Fenomena tingginya jumlah golput dalam Pilkada Serentak kali ini menjadi perhatian berbagai kalangan, mulai dari akademisi, pengamat politik, hingga masyarakat umum. Angka partisipasi yang rendah menunjukkan adanya persoalan mendasar dalam sistem politik dan demokrasi Indonesia. Pertanyaan besar yang muncul adalah apakah golput kali ini merupakan bentuk penolakan masyarakat terhadap proses politik atau hanya disebabkan oleh faktor lain seperti kejenuhan.
Istilah golput pertama kali muncul pada Pemilu 1971, ketika rezim militer Orde Baru mengendalikan dinamika politik nasional. Saat itu, aktivis mahasiswa mengkampanyekan golput sebagai bentuk protes terhadap pembatasan politik dan manipulasi partai politik. Dalam konteks Pilkada Serentak kali ini, kampanye golput tidak sekeras era tersebut. Namun, angka golput tetap tinggi, menimbulkan spekulasi tentang penyebabnya.
Salah satu faktor yang dianggap berkontribusi adalah kejenuhan masyarakat terhadap proses pemilu yang dimulai sejak akhir 2023 dan memuncak pada Pemilu 14 Februari 2024. Proses panjang ini, yang melibatkan kampanye intensif, debat publik, dan pemberitaan media yang terus-menerus, mungkin membuat sebagian masyarakat merasa lelah dan kehilangan minat untuk kembali berpartisipasi di Pilkada.
Di sisi lain, ada juga dugaan bahwa golput merupakan bentuk protes diam-diam terhadap sistem penentuan calon kepala daerah yang terlalu didominasi oleh kepentingan partai politik. Dalam banyak kasus, calon yang diusung sering kali tidak mencerminkan aspirasi masyarakat lokal, melainkan kepentingan elit parpol. Hal ini menciptakan rasa apatis di kalangan pemilih, yang merasa suara mereka tidak memiliki dampak signifikan.
Kenyataan ini diperkuat oleh survei yang menunjukkan bahwa banyak masyarakat tidak merasa terwakili oleh calon-calon yang ada. Mereka menganggap kandidat yang maju tidak memiliki rekam jejak atau visi yang jelas untuk memperbaiki kondisi daerah mereka. Akibatnya, mereka memilih untuk tidak memberikan suara sama sekali daripada mendukung calon yang mereka anggap tidak kompeten.
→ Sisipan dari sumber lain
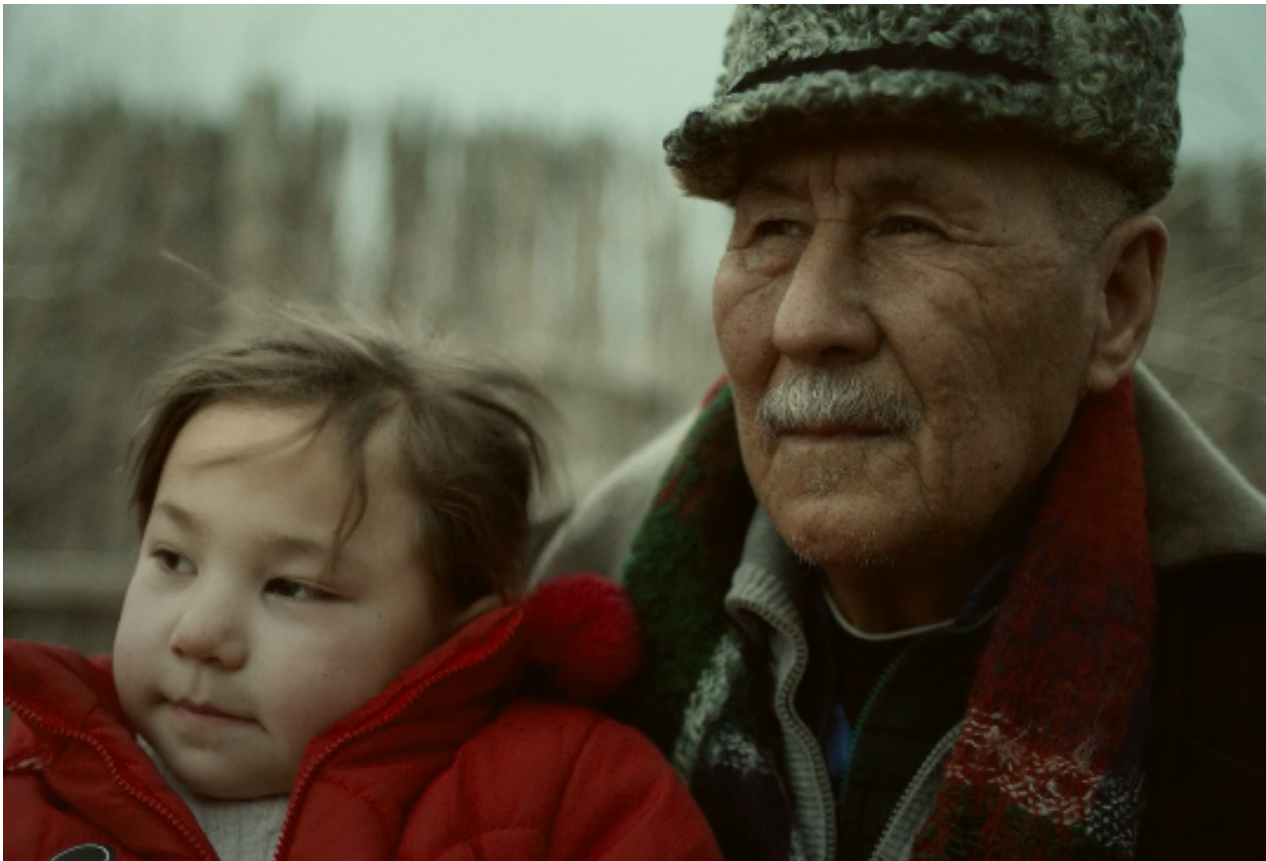
Fotograma de Memoria .

L'emergència climàtica s'ha convertit en el principal desafiament al qual ens enfrontem en l'actualitat i, a conseqüència, se'ns presenten grans reptes mediambientals. Segons l'ONU, tenim deu anys per a evitar que els seus efectes siguin irreversibles. Els tres curtmetratges d'aquest programa tracten algunes de les qüestions més urgents, i alhora que obren una finestra a la reflexió i conviden a repensar la nostra forma d'habitar el planeta.

Selain itu, minimnya kampanye pendidikan politik juga menjadi penyebab utama. Banyak masyarakat, terutama di daerah pedesaan, tidak mendapatkan informasi yang cukup tentang pentingnya partisipasi dalam pilkada. Kondisi ini diperparah oleh kurangnya sosialisasi dari Komisi Pemilihan Umum (KPU) maupun pemerintah daerah.
Fenomena ini menimbulkan implikasi serius bagi keberlangsungan demokrasi Indonesia. Demokrasi yang sehat membutuhkan partisipasi aktif dari masyarakat. Tingginya angka golput menunjukkan bahwa ada jarak yang semakin lebar antara masyarakat dan institusi politik. Jika tidak segera diatasi, hal ini dapat mengancam legitimasi kepala daerah yang terpilih.
Dari sisi akademik, fenomena ini memunculkan urgensi untuk mengkaji kembali Undang-Undang Politik. Salah satu aspek yang perlu diperbaiki adalah mekanisme penentuan calon kepala daerah. Proses ini harus lebih inklusif dan memberikan ruang bagi calon independen atau non-partai untuk maju, sehingga masyarakat memiliki lebih banyak pilihan yang sesuai dengan aspirasi mereka.
Partai politik juga perlu mereformasi diri agar lebih responsif terhadap kebutuhan dan aspirasi masyarakat. Salah satu caranya adalah dengan melibatkan masyarakat dalam proses seleksi calon kepala daerah melalui mekanisme yang lebih transparan. Dengan demikian, masyarakat akan merasa memiliki hubungan yang lebih dekat dengan calon yang diusung.
Selain itu, pemerintah dan KPU harus meningkatkan upaya pendidikan politik kepada masyarakat. Kampanye pendidikan ini harus dilakukan secara sistematis dan berkelanjutan, sehingga masyarakat memahami pentingnya partisipasi politik dan bagaimana suara mereka dapat memengaruhi kebijakan publik.